Data entries:

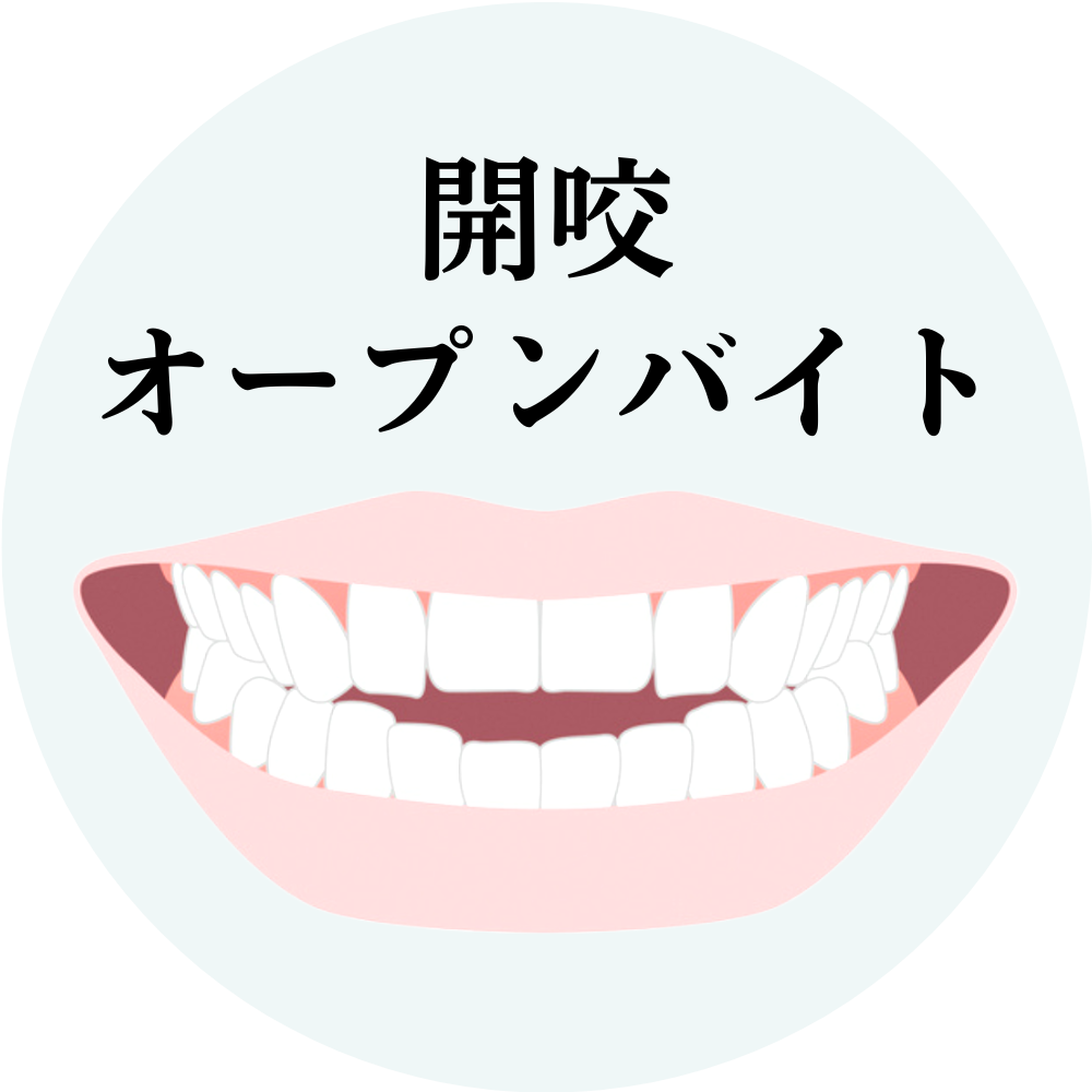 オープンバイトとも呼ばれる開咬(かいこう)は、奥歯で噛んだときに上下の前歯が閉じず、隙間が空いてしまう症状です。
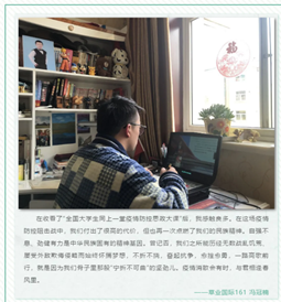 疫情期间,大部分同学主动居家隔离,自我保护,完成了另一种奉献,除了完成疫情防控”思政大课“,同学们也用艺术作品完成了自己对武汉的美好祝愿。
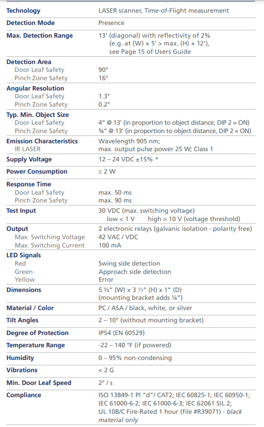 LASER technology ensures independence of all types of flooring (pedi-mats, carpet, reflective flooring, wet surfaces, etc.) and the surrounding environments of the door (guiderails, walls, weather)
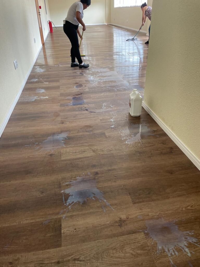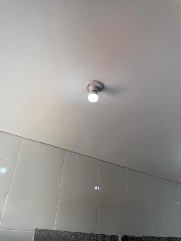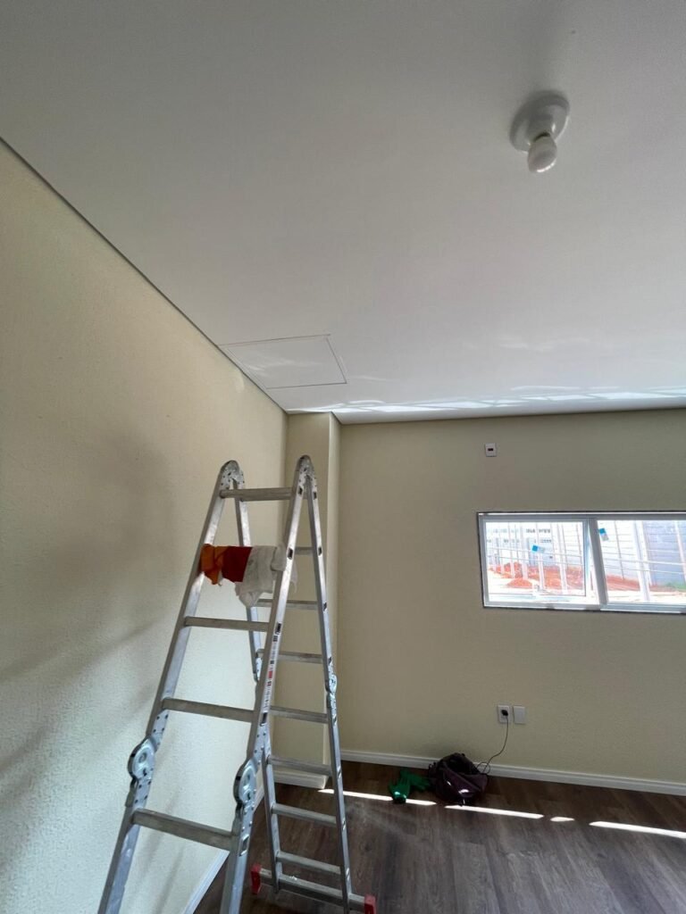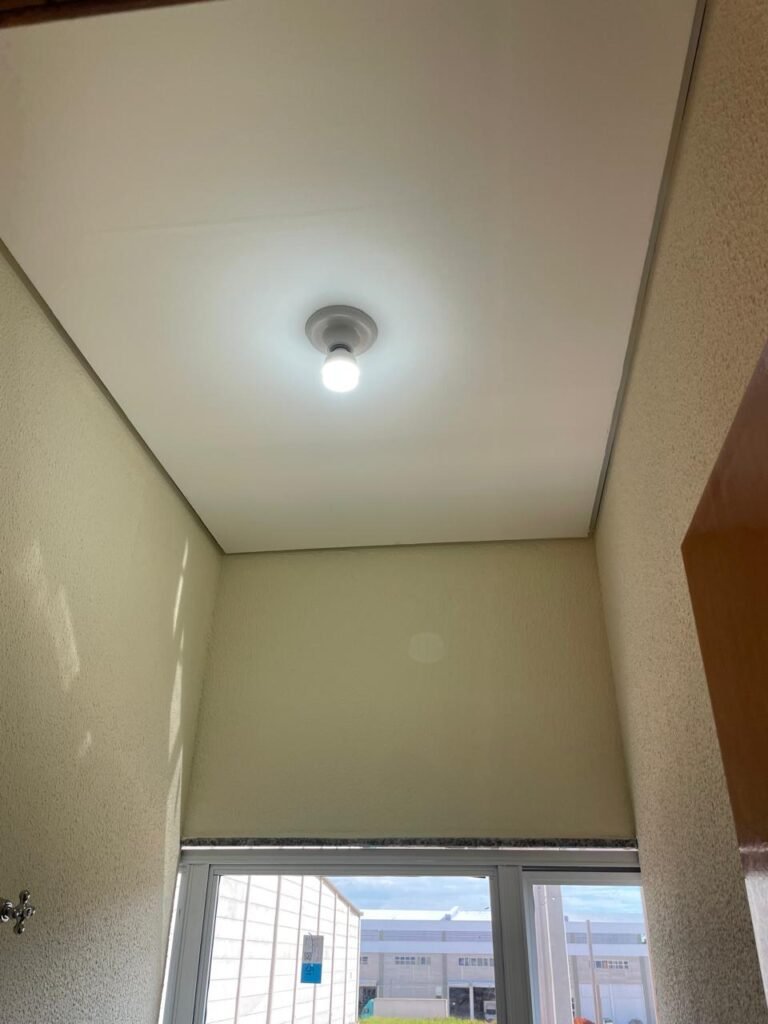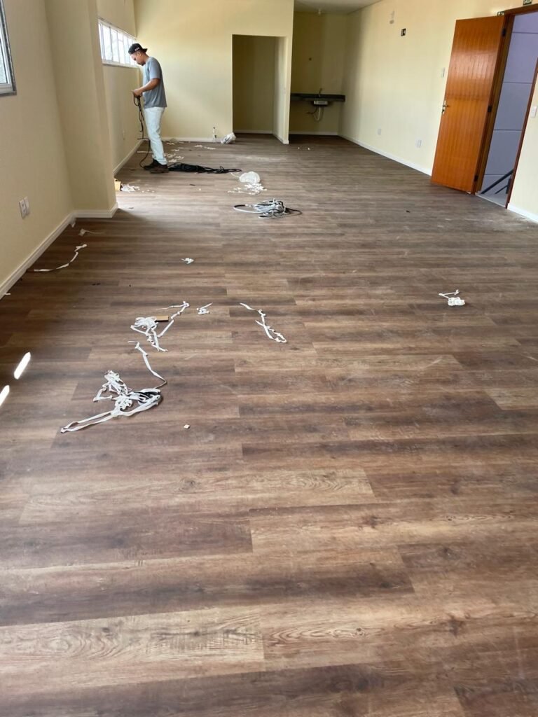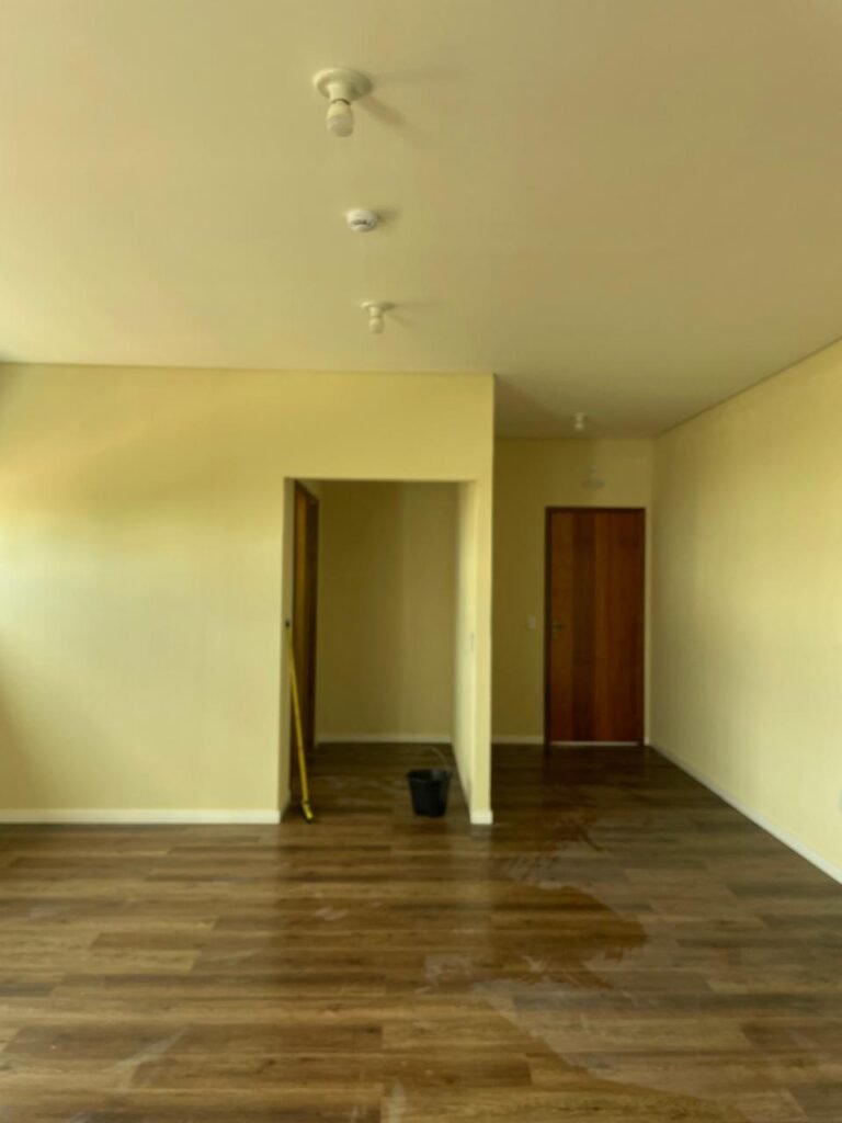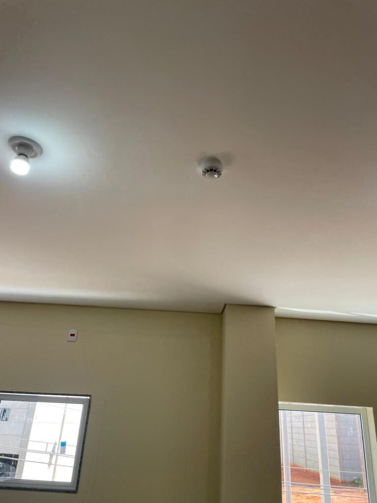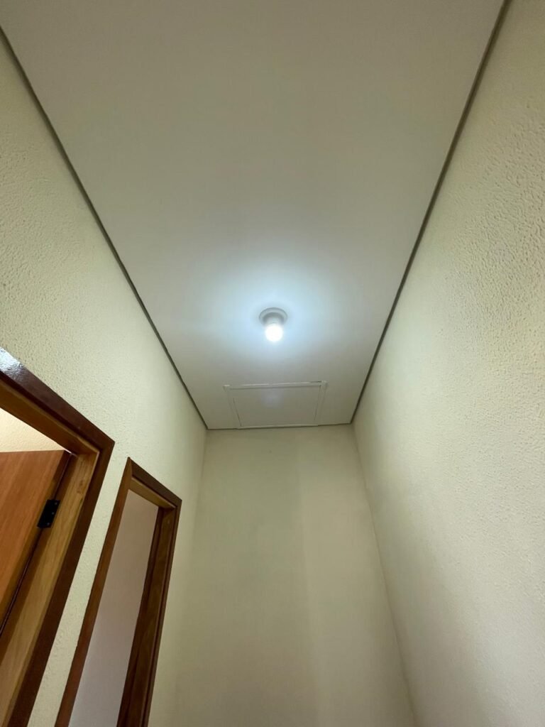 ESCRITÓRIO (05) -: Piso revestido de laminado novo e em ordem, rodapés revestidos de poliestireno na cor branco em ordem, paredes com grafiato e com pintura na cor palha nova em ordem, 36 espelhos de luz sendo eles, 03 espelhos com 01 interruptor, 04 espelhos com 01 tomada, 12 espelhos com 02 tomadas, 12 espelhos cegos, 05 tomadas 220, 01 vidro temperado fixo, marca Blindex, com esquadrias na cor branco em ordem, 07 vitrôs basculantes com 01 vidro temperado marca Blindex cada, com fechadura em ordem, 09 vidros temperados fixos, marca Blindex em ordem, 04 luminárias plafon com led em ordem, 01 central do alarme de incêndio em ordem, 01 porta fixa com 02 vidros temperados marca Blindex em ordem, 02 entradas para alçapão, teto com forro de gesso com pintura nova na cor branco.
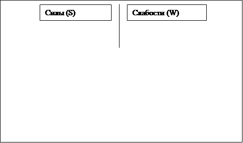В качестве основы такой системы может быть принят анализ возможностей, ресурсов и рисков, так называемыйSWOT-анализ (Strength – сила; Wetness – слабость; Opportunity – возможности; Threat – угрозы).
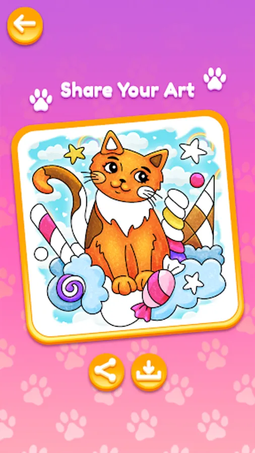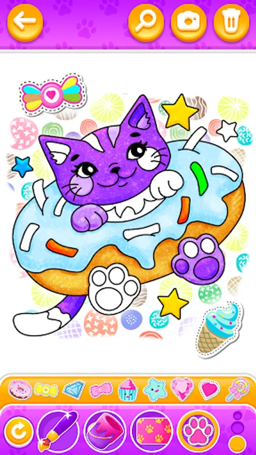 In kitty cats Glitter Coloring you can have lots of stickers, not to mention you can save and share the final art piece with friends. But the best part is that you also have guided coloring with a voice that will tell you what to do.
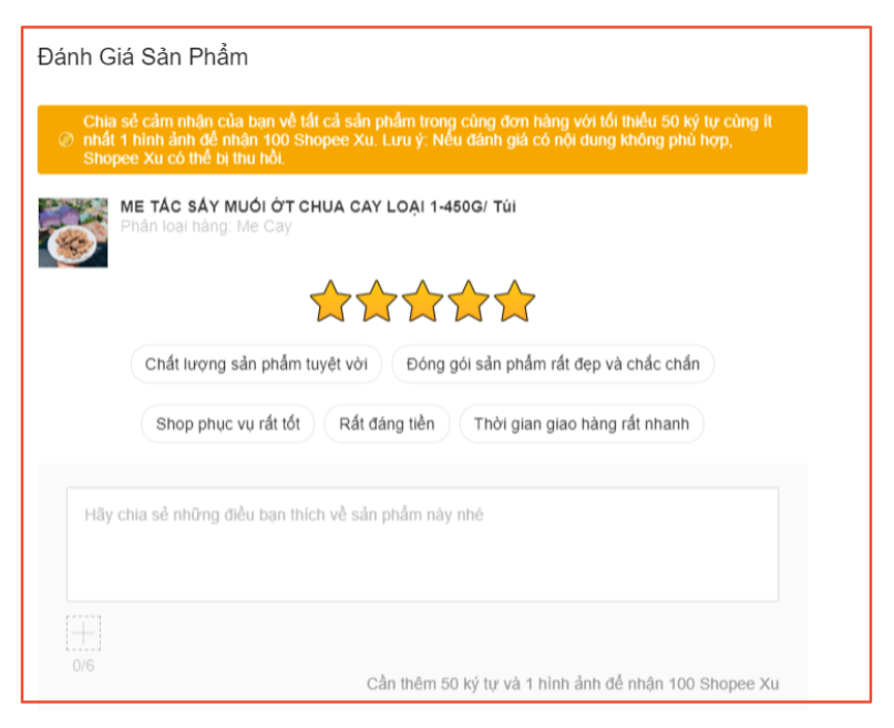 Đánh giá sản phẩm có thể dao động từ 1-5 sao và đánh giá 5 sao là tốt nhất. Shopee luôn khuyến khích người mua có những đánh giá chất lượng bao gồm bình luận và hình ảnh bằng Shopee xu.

→ TASK ITEM
Reproduce only the lines running from the beginning of the entries above to the line holding "疫情期间,大部分同学主动居家", inclusive. Pictures stay out of the copy.

→ REPLY TO THE EXERCISE
 オープンバイトとも呼ばれる開咬(かいこう)は、奥歯で噛んだときに上下の前歯が閉じず、隙間が空いてしまう症状です。
 疫情期间,大部分同学主动居家隔离,自我保护,完成了另一种奉献,除了完成疫情防控”思政大课“,同学们也用艺术作品完成了自己对武汉的美好祝愿。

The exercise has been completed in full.